Directions. Below are some records; copy them word for word and drop the pictures.

(Collected data entries)
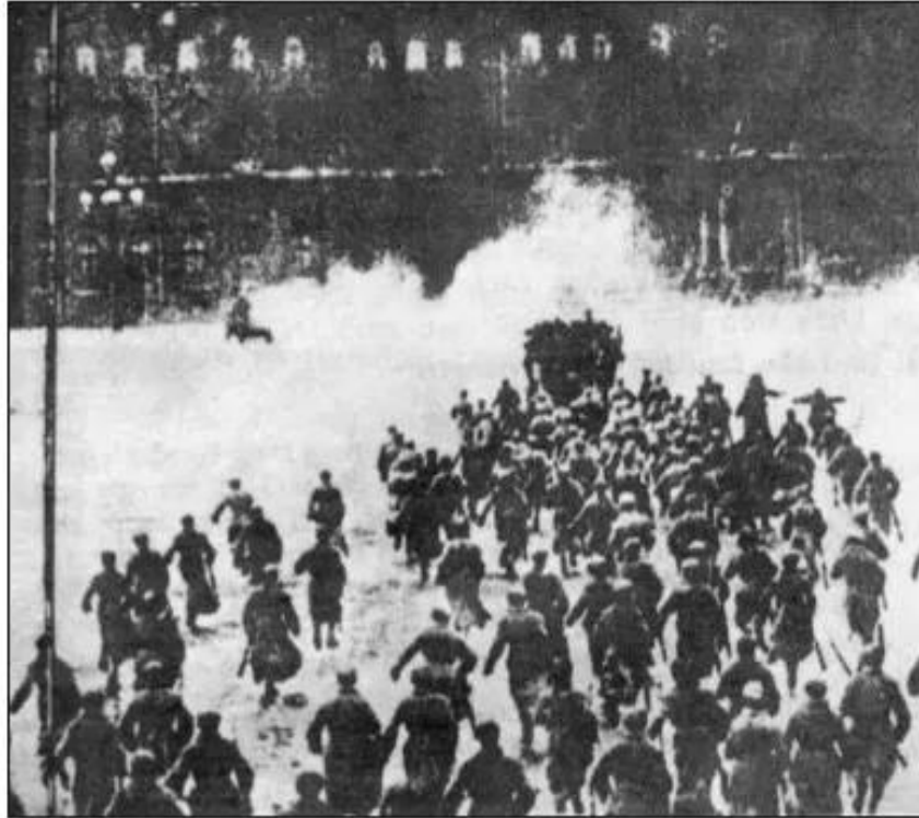
Hình 64. Cuộc tấn công Cung điện Mùa Đông

Tiếp theo thắng lợi ở Pê-tơ-rô-grát, Chính quyền Xô viết được thành lập ở Mát-xcơ-va đầu tháng 11 – 1917. Sau thắng lợi ở hai trung tâm quan trọng là Pê-tơ-rô-grát và Mát-xcơ-va, cuộc khởi nghĩa giành chính quyền ở các địa phương diễn ra mạnh mẽ.
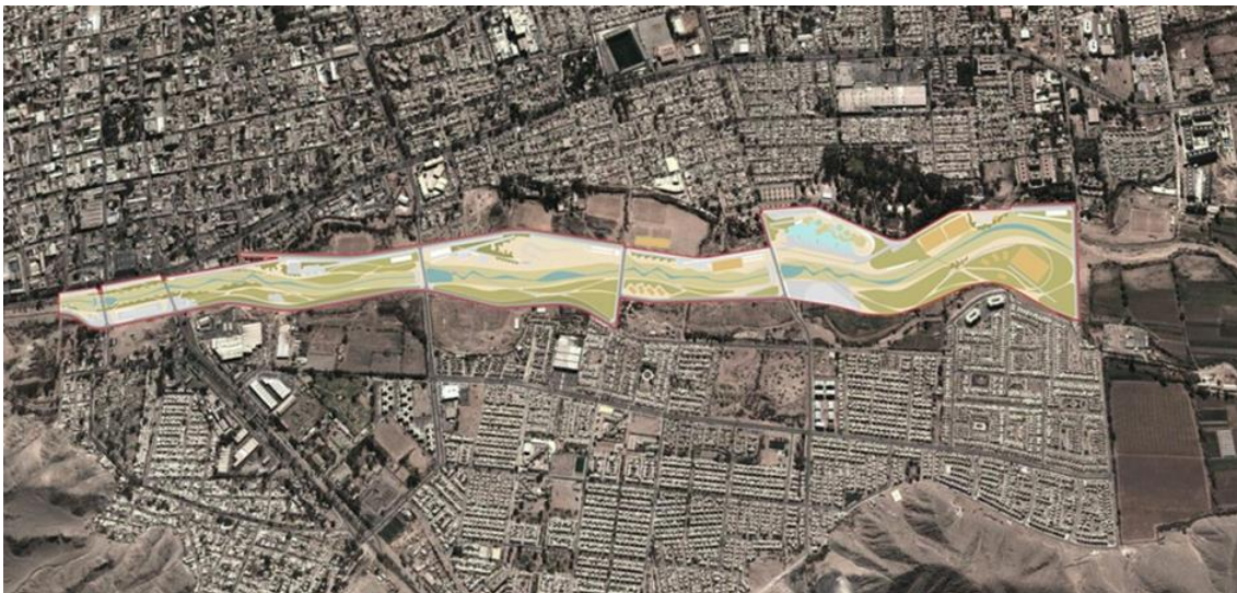
Figura 2. Plano del sector de la comuna de Copiapó que comprende el Parque Kaukari, (destacado en colores el área total del parque)
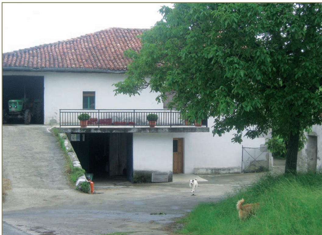
5.10. irudia. Aizarnako Etxeberri.

Migel eguna arteko epean zorraren beste 3 dukatak eman egin beharko zizkioten.
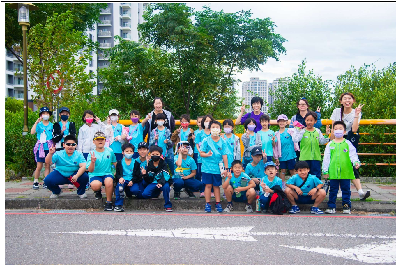
二、舉辦越野定向活動，讓學生更理解交通號誌
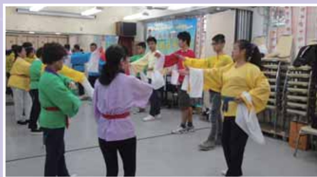
• 長者與青年一同學習粵劇造手技巧。
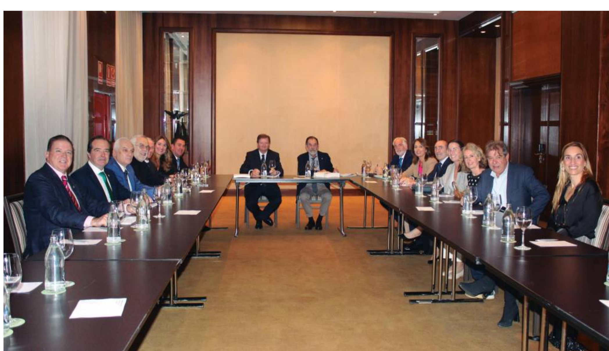
El pleno del Consejo General de Agentes de Aduanas ha abordado los principales puntos de la reforma del CAU.
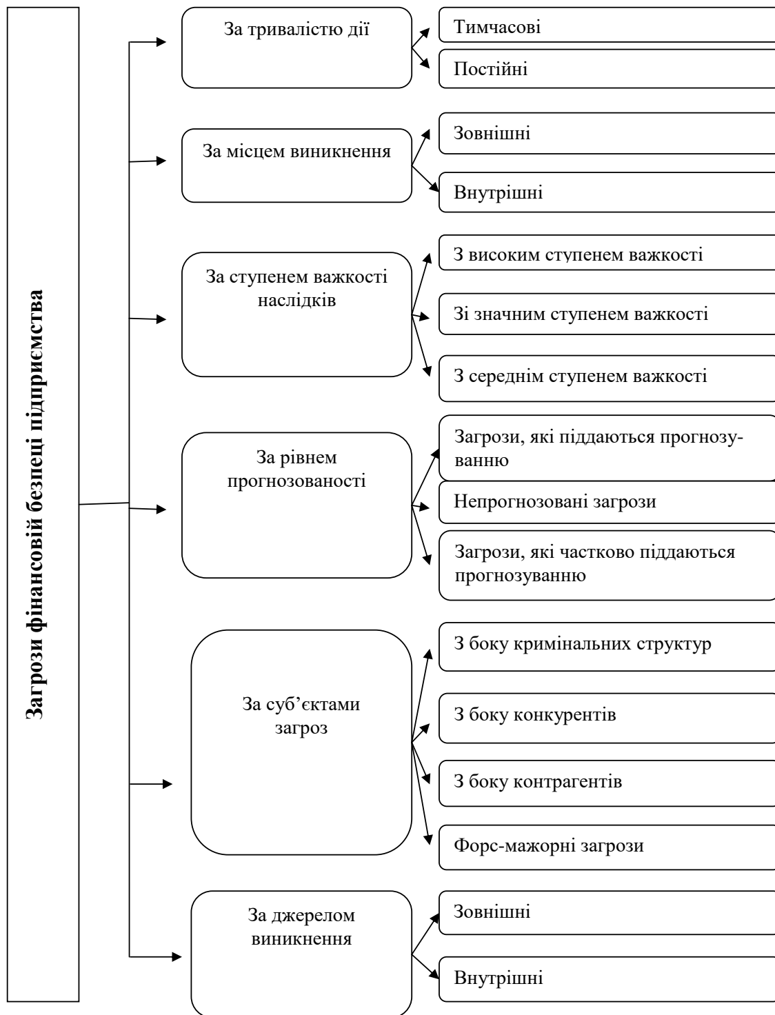
Рис.2. Основні типи загроз фінансовій безпеці підприємства [2,с. 34]

Залежно від суб'єктної обумовленості негативні впливи на економічну безпеку можуть мати об'єктивний і суб'єктивний характер. Об'єктивними вважаються такі негативні впливи, які виникають не з волі конкретного підприємства або його окремих працівників. Суб'єктивні впливи виникають внаслідок неефективної роботи підприємства в цілому або окремих його працівників (передусім керівників і функціональних менеджерів) [1, с. 100-101].
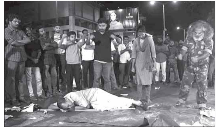
സമരത്തിന് ആവേശംപകർന്ന് തെരുവുനാടകം
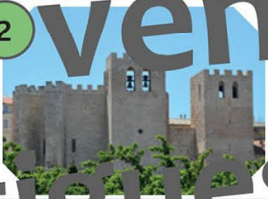
Marseille Basilique Saint-Victor

Your solution.
Hình 64. Cuộc tấn công Cung điện Mùa Đông

Tiếp theo thắng lợi ở Pê-tơ-rô-grát, Chính quyền Xô viết được thành lập ở Mát-xcơ-va đầu tháng 11 – 1917. Sau thắng lợi ở hai trung tâm quan trọng là Pê-tơ-rô-grát và Mát-xcơ-va, cuộc khởi nghĩa giành chính quyền ở các địa phương diễn ra mạnh mẽ.
Figura 2. Plano del sector de la comuna de Copiapó que comprende el Parque Kaukari, (destacado en colores el área total del parque)
5.10. irudia. Aizarnako Etxeberri.

Migel eguna arteko epean zorraren beste 3 dukatak eman egin beharko zizkioten.
二、舉辦越野定向活動，讓學生更理解交通號誌
• 長者與青年一同學習粵劇造手技巧。
El pleno del Consejo General de Agentes de Aduanas ha abordado los principales puntos de la reforma del CAU.
Рис.2. Основні типи загроз фінансовій безпеці підприємства [2,с. 34]

Залежно від суб'єктної обумовленості негативні впливи на економічну безпеку можуть мати об'єктивний і суб'єктивний характер. Об'єктивними вважаються такі негативні впливи, які виникають не з волі конкретного підприємства або його окремих працівників. Суб'єктивні впливи виникають внаслідок неефективної роботи підприємства в цілому або окремих його працівників (передусім керівників і функціональних менеджерів) [1, с. 100-101].
സമരത്തിന് ആവേശംപകർന്ന് തെരുവുനാടകം
Marseille Basilique Saint-Victor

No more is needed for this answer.